Example: Incumbency as an explanation of electoral success
One of the most powerful explanations of electoral success is whether or
not the candidate is an incumbent or a challenger (i.e. facing an incumbent).
This explanation takes into account all of the powers of an incumbent: things
like name recognition, ability to raise campaign funds, engage in constituent
services, and perform and act statesman‑like rather than just make vague
promises. Therefore, incumbents are likely to win reelection, but
victory is far from certain. Occasionally, incumbents do stupid things and
challengers do brilliant things. Why? Free will or "fortuna"
(remember Machiavelli?) are possible explanations. Perhaps we simply don't know
the right things to measure yet in predicting when incumbents will lose. In any
case, all we can say is incumbents are "likely" to win, even in years
like 1994 or 2006, 2008, and 2010 when so many citizens were dissatisfied with the performance
of their government. Nevertheless, most all congressional incumbents who ran for
reelection did win in both 1994 and 2006 and even 2010. The Republican landslide in 1994 was
in open seats and in a few seats where Democratic incumbents lost (no
Republican incumbents lost). 2010 was similar. And in 2006 and 2008 it ran the other way with most losses
being on the Republican side. All of that is a bit unusual, but the theory that
incumbency explains electoral success held true.
C. Partial
Our explanations are partial, or not complete. They are partial as a
direct result of their being conditional. We don't have the time or expertise
to specify all possible conditions that affect the explanation. Hopefully, the
explanations are becoming more complete as research continues, but science
moves slowly. Complete explanations will certainly not be found in my lifetime.
Example: Explanations of voting behavior
Even the best scientific explanations of how people vote leave 5 to 10
percent of the vote unexplained (in statistical terminology, this is called
"unexplained variance").
That is to say, we don't really know why these people voted the way they did.

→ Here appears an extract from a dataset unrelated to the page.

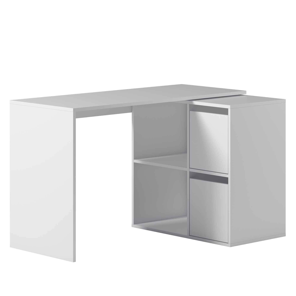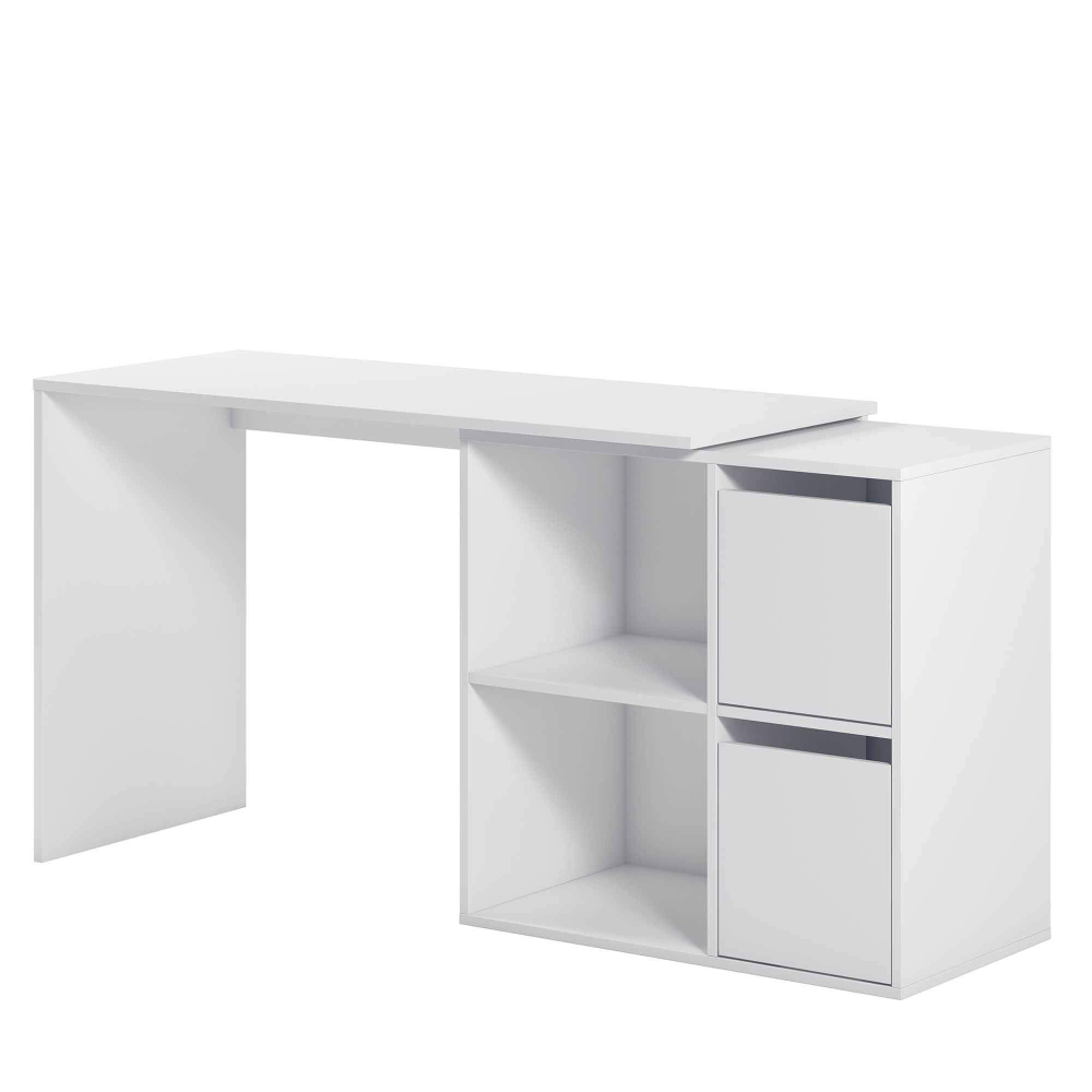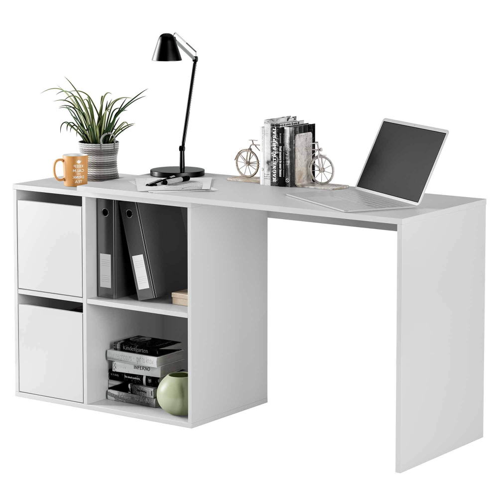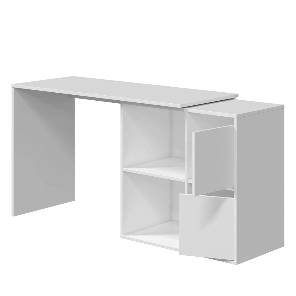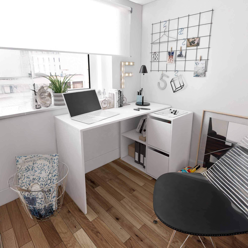 O seu sistema multiposição permite utilizá-la como mesa retangular ou secretária de canto, ajustando-se facilmente à configuração do espaço. O módulo lateral inclui duas portas e dois nichos abertos, perfeitos para guardar livros, documentos ou acessórios de escritório.

Over the years, we have developed better explanations that include more
conditions that have reduced the percentage that is unexplained, but a great
deal is still unexplained. However, this unexplained variance is usually enough
to determine the outcome in most elections. Of course, some of this may never
be explained because of the nature of human behavior (back to free will). Sometimes
people mismark their ballots or vote randomly because they know so little about
any candidates—these few voters can never be predicted. In any case, virtually
all of our explanations are still partial.
D. Open
Because of the facts that our explanations are partial, probabilistic,
and conditional, they must also be subject to change as we learn more.
We may learn new conditions. We may develop new measures or concepts (like
Marx's work alienation or class consciousness) that improve old explanations.

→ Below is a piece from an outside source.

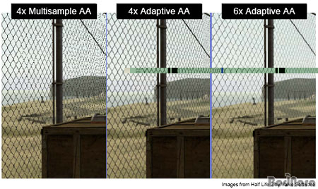±×¸®°í nVIDIAÀÇ Transparency AA´Â GeForce ½Ã¸®ÁîÀÇ ÃֽŠÁ¦Ç°ÀÎ GeForce 7800 Á¦Ç°±º¿¡¸¸ Àû¿ëµÇ°í ÀÖÀ¸³ª ATIÀÇ Adaptive Anti-Aliasing ±â¼úÀº R5xx GPU »Ó¸¸ ¾Æ´Ï¶ó ±× ÀÌÀü ¼¼´ëÀÎ R4xx GPUµéÀÌ ÀåÂøµÈ Radeon X8xx ½Ã¸®Áî¿¡¼­µµ Áö¿øÀÌ °¡´ÉÇÏ´Ù´Â ÀåÁ¡ÀÌ ÀÖ´Ù.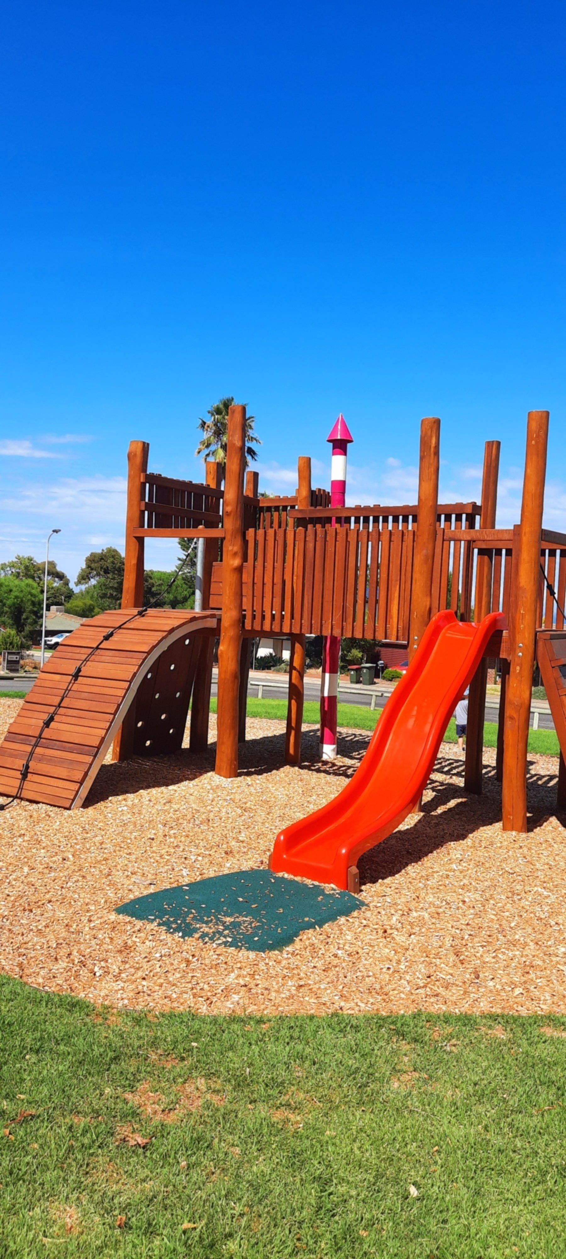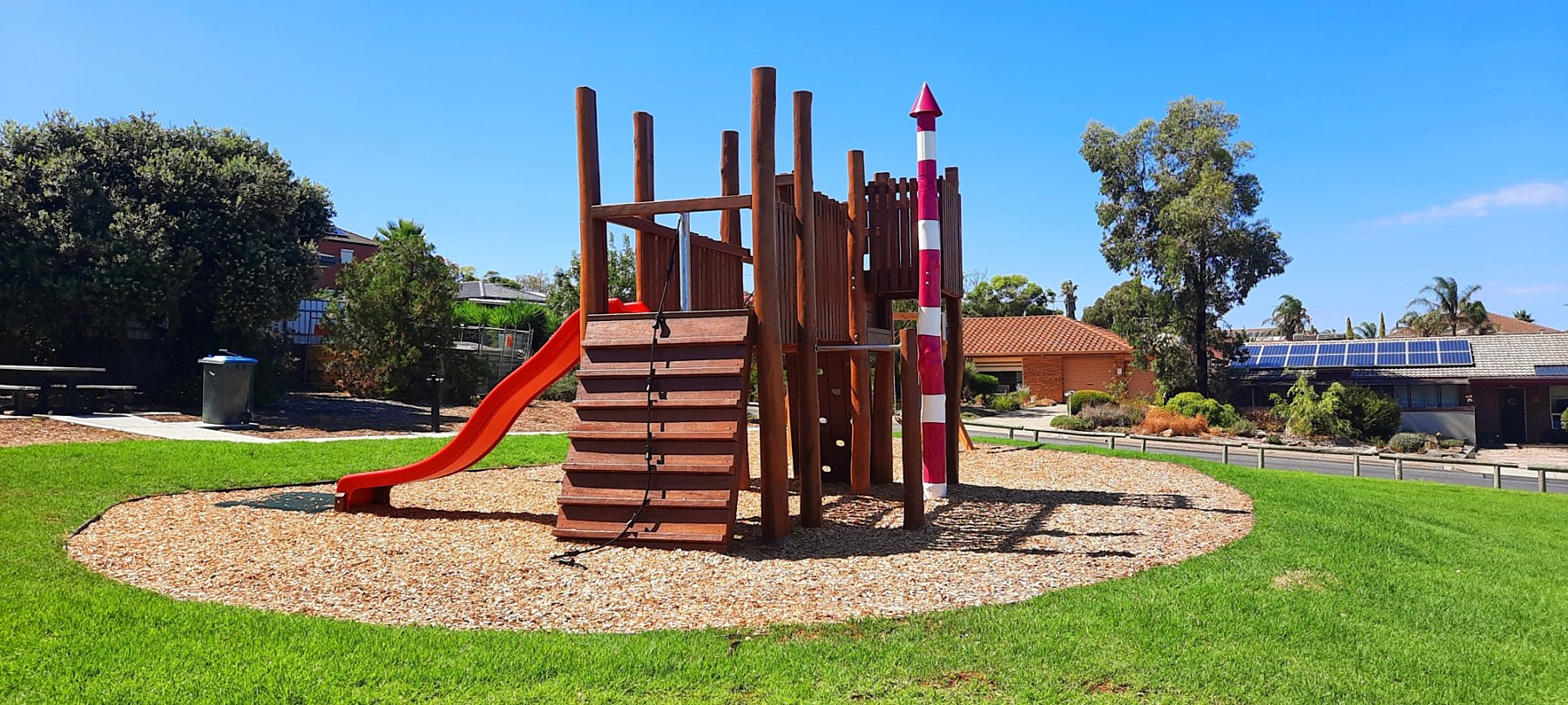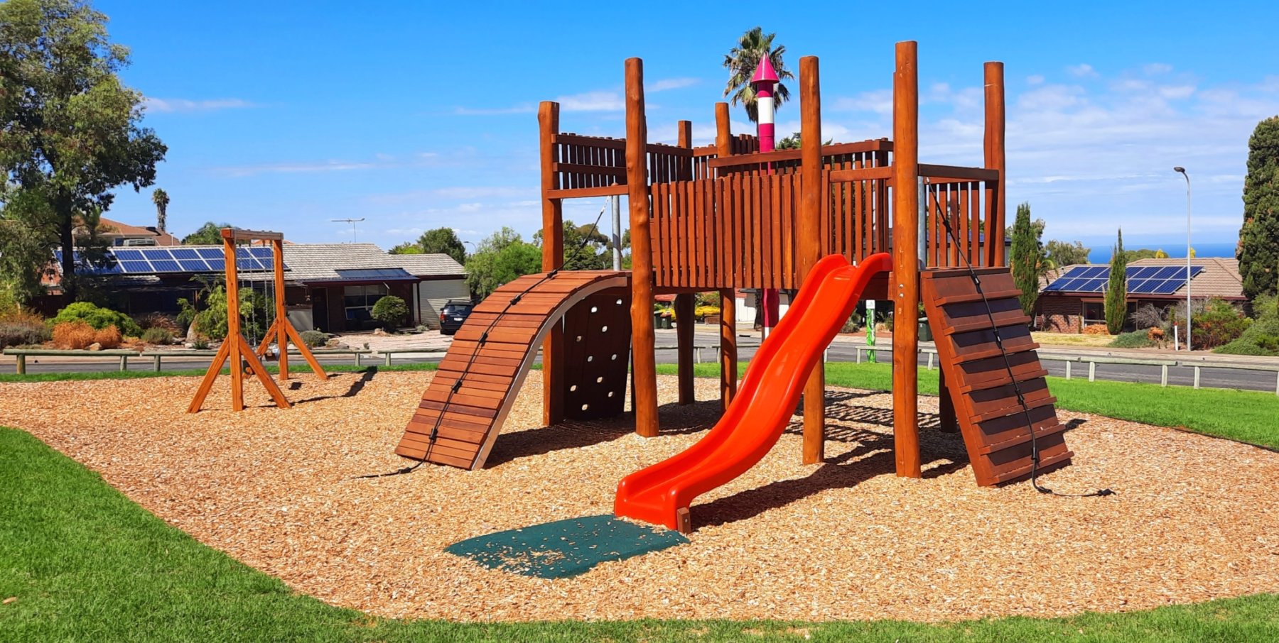 Oakvale Way Reserve was upgraded with climbing challenges, a soccer goal, and a nature play trail in February 2021. The new combination play unit is 1.8 meters high offering a taller and longer slide, with stunning coastal views at this local level Hallett Cove playground.

We may replicate work of others and find that mistakes were made in any of the
steps of the scientific process. Therefore, we say that all of our theories are
open to change. If they were not open, they would not be scientific
explanations. That is not to say that they are wrong. They simply could not be
fully tested by the methods of science.
Counter‑example:
"Scientific Creationism"
The political, legal, social, religious, and educational controversy
about the creation of the universe and human life can be boiled down to the
question of the openness of the explanation. Those who advocate that the
Biblical version of creation be given equal time in public schools to the
explanation of evolution have argued that their version has scientific support
and is therefore just as viable as evolution. That depends on exactly how one
defines science. If we say that science means looking for facts that are
logically consistent with some faith‑based assumption, then the
creationists have a strong argument. Creationists talk about some "Great
Mover" or "Force" that set everything in motion. They use these
terms, rather than "God," in order to get around the charge that they
are supporting religion in public schools.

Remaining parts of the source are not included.